*** Opening RAW DATA ***
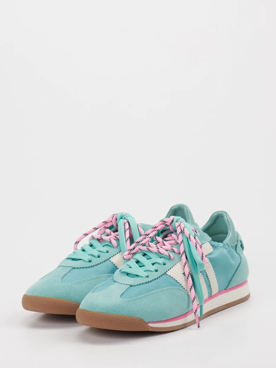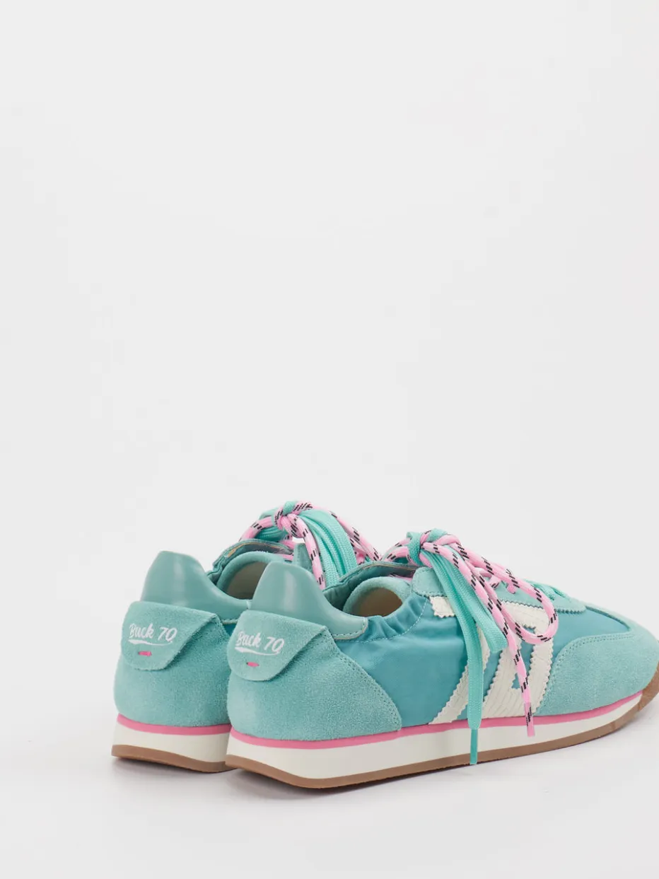Retro-Flair mit modernem Pastellspiel. Back 70 präsentiert mit diesem Damen-Sneaker einen Retro Runner im angesagten Streetwear-Stil. Ideal für urbane Looks im Frühling, überzeugt der flach geschnittene Sneaker durch eine hochwertige Kombination aus Veloursleder und textilem Futter. Das dominante Türkisgrün wird raffiniert durch rosa Details und kontrastfarbene Schnürsenkel akzentuiert. Die weiße Gummisohle sorgt für eine dezente Basis, während das gepolsterte Fersenstück angenehmen Tragekomfort bietet. Designseitig verweisen der schmale Schnitt und die Logo-Prägung auf klassische 90er-Jahre-Silhouetten. Perfekt zu Jeans, Jogpants oder Plisseeröcken im Alltagsmix. Markentypischer Komfort mit stilsicherer Vintage-Note.
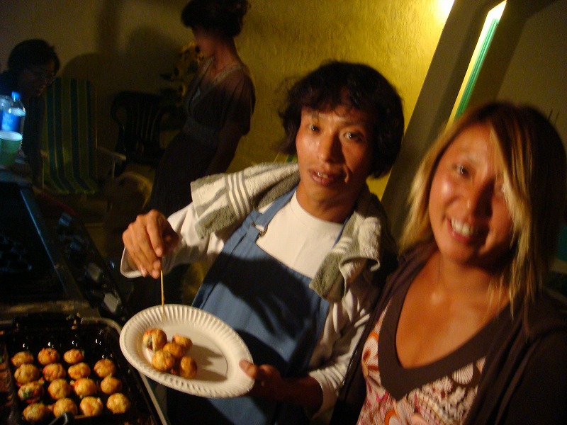 ち波さんがたこ焼きパーティーに招待してくれた。本場のおいしいたこ焼きを作ってくれたひろさん。
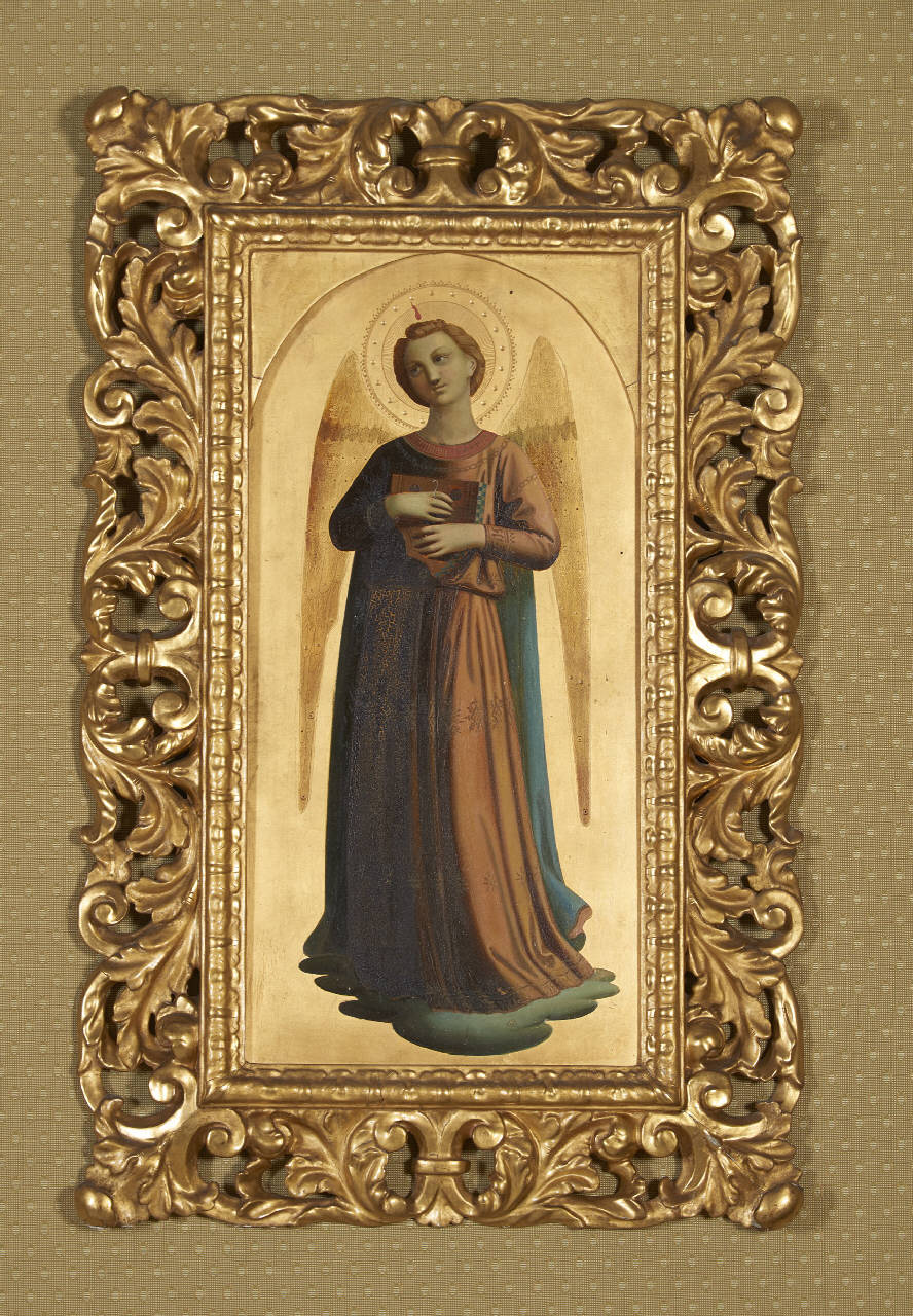 Angelo: figura in piedi, vestita, con aureola. Stagliato su fondo oro, regge con le mani uno stemma. La figura poggia su una nuvoletta.
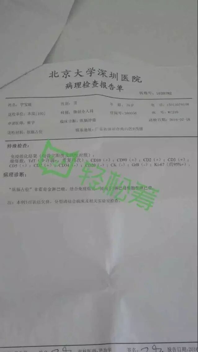 宁宝旺,今年37岁,家在广西省博白县,正当青年,帅气、壮实,正享人生最美好的时光,已经拥有了幸福的小家庭,因身体不适,于2016年7月14日检查出患有T型非霍奇金淋巴瘤/白血病!
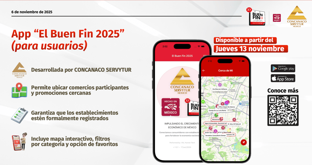 “A partir del 13 de noviembre va a estar disponible una aplicación, una app, El Buen Fin 2025, donde la comunidad podrá descargarla y visualizar las promociones también en el portal elbuenfinconcanaco.com.mx”, explicó.
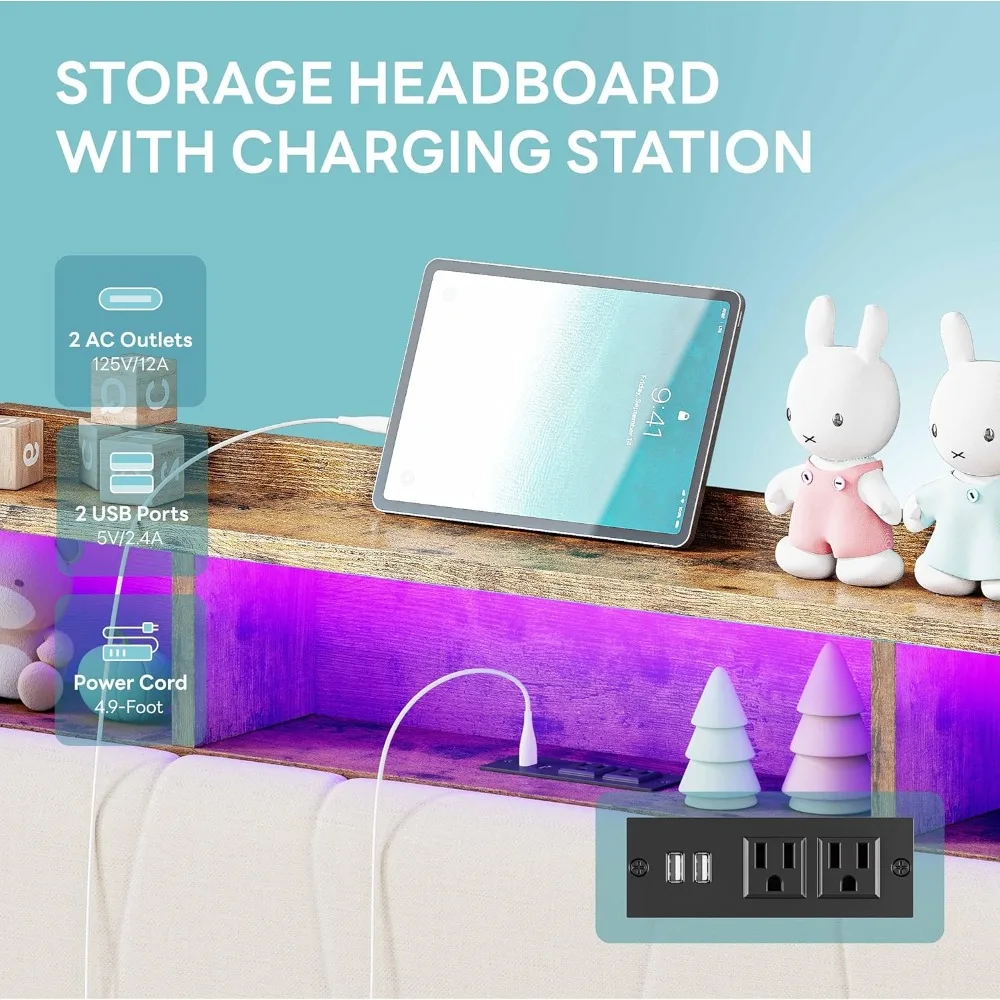 - HEADBOARD WITH STORAGE SHELF & CHARGING STATION: This upholstered bed frame is equipped with a convenient headboard that includes built-in 15W fast charging ports, featuring 2 sockets, and 2 USB ports. This allows for easy charging of electronic devices at any time, making them readily available. The 2 tier storage shelf provides a practical space to place common small items, such as watches or toys, within convenient reach, ensuring easy access and organization
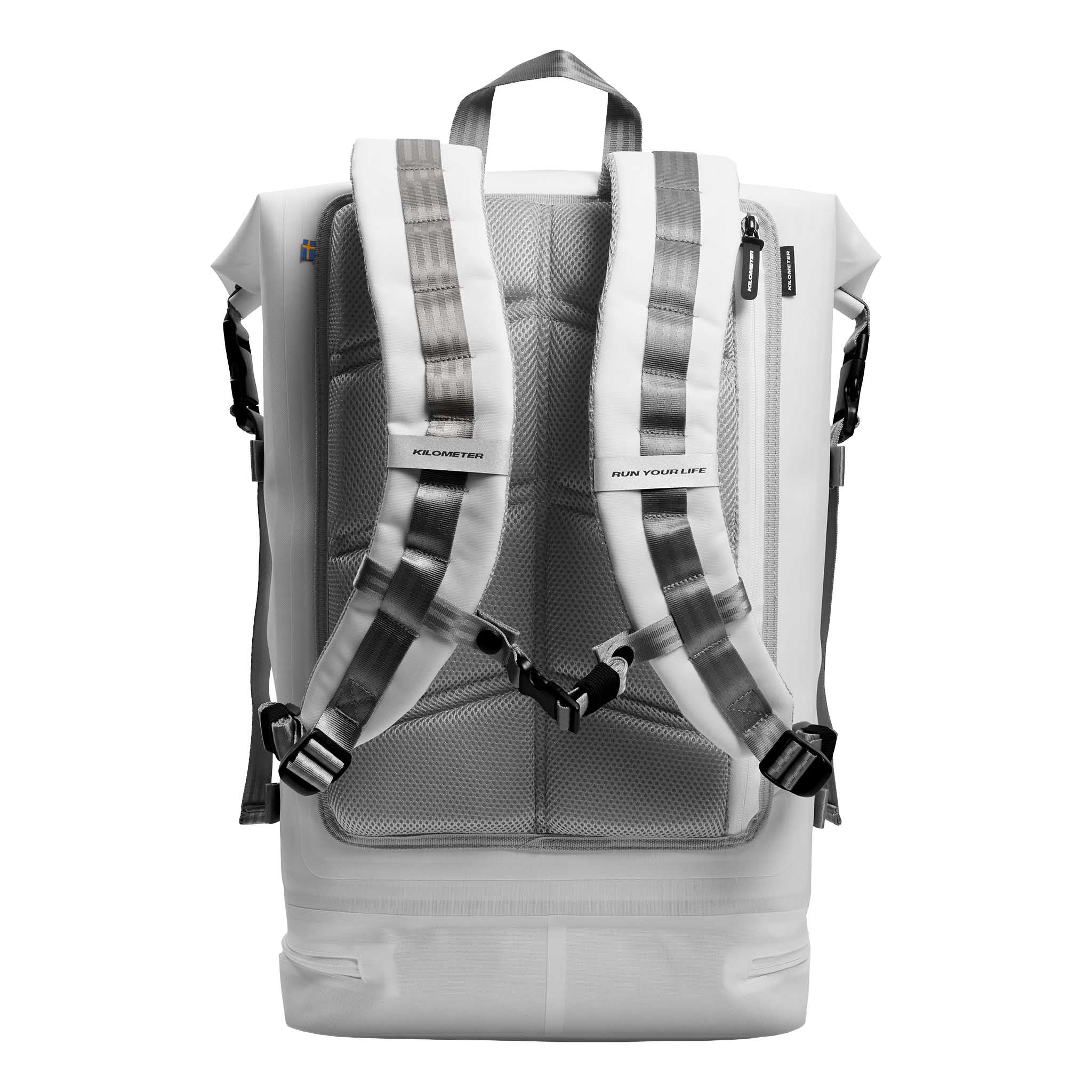 The Spin Bag 30L is designed for athletes who move through multiple environments in a single day — from the gym floor to the office to the pavement and back again. Kilometer built it to solve a universal training problem: keeping clean kit separate from the post-session gear that really needs its own space. A dedicated bottom shoe compartment, protected laptop sleeve and intuitive internal layout make staying organised effortless, even when the day gets messy. The 30L capacity hits the perfect middle ground for athletes who carry a lot but don’t want bulk, and the 600D recycled polyester with a waterproof coating holds up to wet pavements, sweaty kit and unpredictable weather. Finished with durable YKK zippers and purposeful pocketing, it’s made for people who train hard, recover fast and expect their gear to keep up.
*** Closing RAW DATA ***
* **AIM OF THE EXERCISE**:
Give again the stretch of the entries above that begins at the line with "ち波さんがたこ焼きパーティー" and ends at the line with "- HEADBOARD WITH", word for word, with no pictures.

* **RESULT**:
 ち波さんがたこ焼きパーティーに招待してくれた。本場のおいしいたこ焼きを作ってくれたひろさん。
 Angelo: figura in piedi, vestita, con aureola. Stagliato su fondo oro, regge con le mani uno stemma. La figura poggia su una nuvoletta.
 宁宝旺,今年37岁,家在广西省博白县,正当青年,帅气、壮实,正享人生最美好的时光,已经拥有了幸福的小家庭,因身体不适,于2016年7月14日检查出患有T型非霍奇金淋巴瘤/白血病!
 “A partir del 13 de noviembre va a estar disponible una aplicación, una app, El Buen Fin 2025, donde la comunidad podrá descargarla y visualizar las promociones también en el portal elbuenfinconcanaco.com.mx”, explicó.
 - HEADBOARD WITH STORAGE SHELF & CHARGING STATION: This upholstered bed frame is equipped with a convenient headboard that includes built-in 15W fast charging ports, featuring 2 sockets, and 2 USB ports. This allows for easy charging of electronic devices at any time, making them readily available. The 2 tier storage shelf provides a practical space to place common small items, such as watches or toys, within convenient reach, ensuring easy access and organization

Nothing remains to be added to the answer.